Pictures excluded, reproduce exactly the lines below from the one with "ayx手机版登录入口校园营养" through the one with "El presidente argentino", both included.

RECORDS SUPPLIED
>>>>>

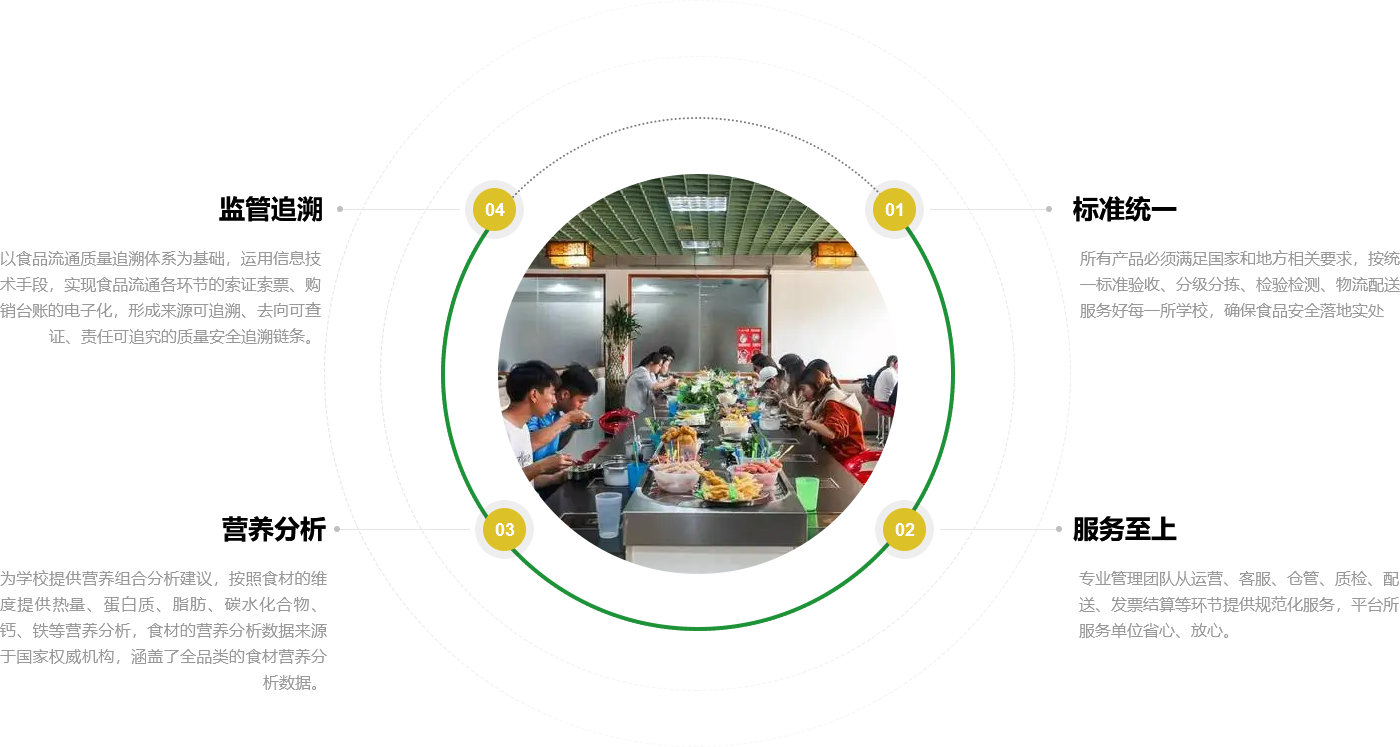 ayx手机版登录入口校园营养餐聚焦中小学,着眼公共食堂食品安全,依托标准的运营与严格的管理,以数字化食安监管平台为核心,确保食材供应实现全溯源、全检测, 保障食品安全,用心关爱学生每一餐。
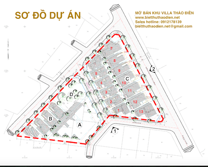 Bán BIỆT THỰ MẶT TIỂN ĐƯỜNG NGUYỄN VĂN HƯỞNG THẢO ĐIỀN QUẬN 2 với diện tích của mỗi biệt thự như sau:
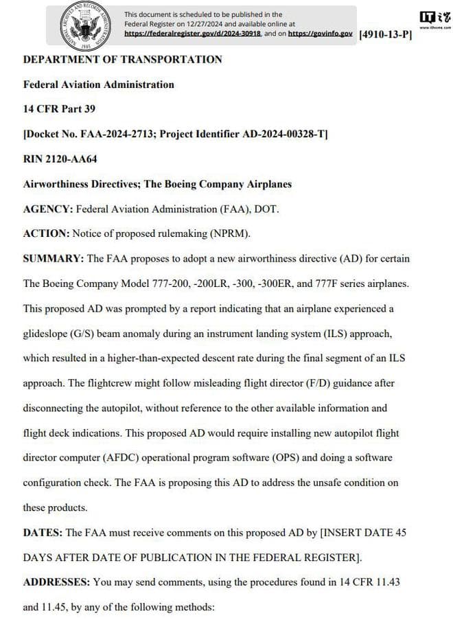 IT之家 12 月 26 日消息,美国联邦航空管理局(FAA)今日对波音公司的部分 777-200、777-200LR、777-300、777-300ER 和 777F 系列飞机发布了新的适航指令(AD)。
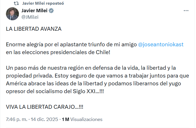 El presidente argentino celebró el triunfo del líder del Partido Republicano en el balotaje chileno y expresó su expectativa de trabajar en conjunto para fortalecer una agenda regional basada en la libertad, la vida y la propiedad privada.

<<<<<
>>>>>

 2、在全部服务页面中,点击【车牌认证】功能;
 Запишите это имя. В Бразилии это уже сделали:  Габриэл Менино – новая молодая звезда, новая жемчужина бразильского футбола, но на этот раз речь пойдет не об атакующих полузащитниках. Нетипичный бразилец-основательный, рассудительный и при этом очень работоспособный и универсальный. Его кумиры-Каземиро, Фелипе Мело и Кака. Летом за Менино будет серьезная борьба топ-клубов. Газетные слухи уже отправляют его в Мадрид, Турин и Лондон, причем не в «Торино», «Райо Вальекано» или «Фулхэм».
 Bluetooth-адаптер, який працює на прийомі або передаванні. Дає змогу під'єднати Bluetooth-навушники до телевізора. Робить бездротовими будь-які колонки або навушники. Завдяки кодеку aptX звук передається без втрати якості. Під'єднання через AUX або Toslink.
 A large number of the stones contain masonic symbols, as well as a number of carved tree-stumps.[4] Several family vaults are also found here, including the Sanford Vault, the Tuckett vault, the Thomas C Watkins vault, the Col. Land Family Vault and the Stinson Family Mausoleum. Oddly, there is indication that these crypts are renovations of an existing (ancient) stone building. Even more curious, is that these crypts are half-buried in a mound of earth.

<<<<<

ANSWER BELOW
 ayx手机版登录入口校园营养餐聚焦中小学,着眼公共食堂食品安全,依托标准的运营与严格的管理,以数字化食安监管平台为核心,确保食材供应实现全溯源、全检测, 保障食品安全,用心关爱学生每一餐。
 Bán BIỆT THỰ MẶT TIỂN ĐƯỜNG NGUYỄN VĂN HƯỞNG THẢO ĐIỀN QUẬN 2 với diện tích của mỗi biệt thự như sau:
 IT之家 12 月 26 日消息,美国联邦航空管理局(FAA)今日对波音公司的部分 777-200、777-200LR、777-300、777-300ER 和 777F 系列飞机发布了新的适航指令(AD)。
 El presidente argentino celebró el triunfo del líder del Partido Republicano en el balotaje chileno y expresó su expectativa de trabajar en conjunto para fortalecer una agenda regional basada en la libertad, la vida y la propiedad privada.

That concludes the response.